§ Dataset extract

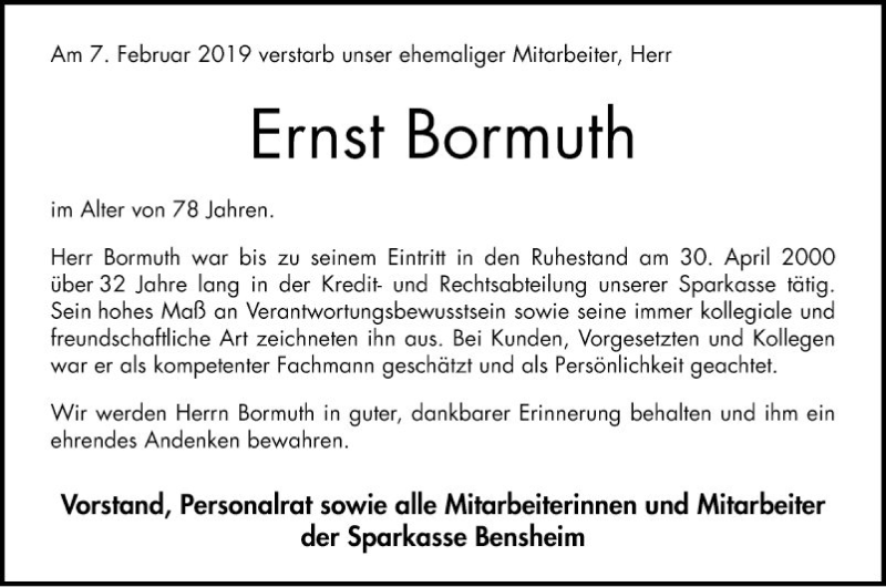 Hier finden Sie alle Traueranzeigen aus der Zeitung, die bisher für Ernst Bormuth erschienen sind. Weitere Traueranzeigen, die in der Zeitung erscheinen, werden hier ebenfalls aufgelistet
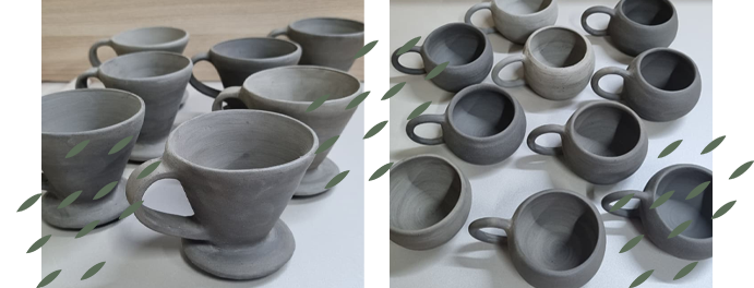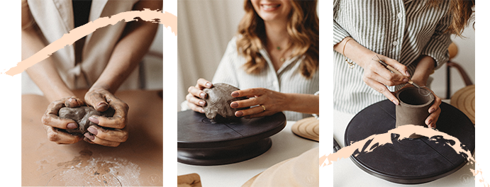 A partir daí, podemos começar a modelar nossa peça. Algumas peças usam técnicas de modelagem 100% manuais, e outras são modeladas a partir do girar do torno, onde o movimento ganha formas. No momento da modelagem, o corpo da peça começa a se formar. A criatividade toma conta, nossas digitais são a nossa assinatura, e cada peça formada é única.
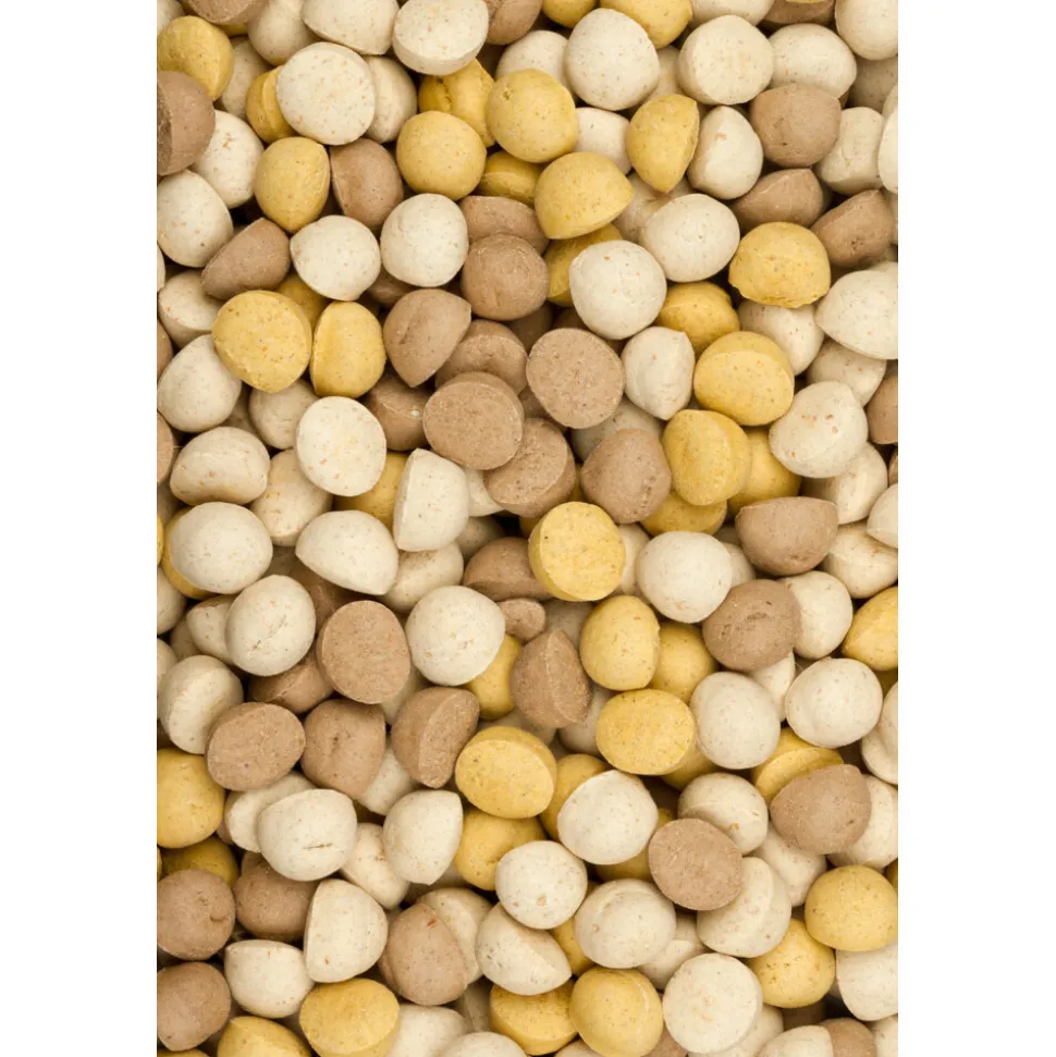 Granen, dierlijke bijproducten, plantaardige oliën en vetten, glucose en mineralen. EG toegestane kleurstoffen.

§ Exercise instructions
Reproduce the data above exactly, leaving out any picture in it.

§ Answer to this exercise
 Hier finden Sie alle Traueranzeigen aus der Zeitung, die bisher für Ernst Bormuth erschienen sind. Weitere Traueranzeigen, die in der Zeitung erscheinen, werden hier ebenfalls aufgelistet
 A partir daí, podemos começar a modelar nossa peça. Algumas peças usam técnicas de modelagem 100% manuais, e outras são modeladas a partir do girar do torno, onde o movimento ganha formas. No momento da modelagem, o corpo da peça começa a se formar. A criatividade toma conta, nossas digitais são a nossa assinatura, e cada peça formada é única.
 Granen, dierlijke bijproducten, plantaardige oliën en vetten, glucose en mineralen. EG toegestane kleurstoffen.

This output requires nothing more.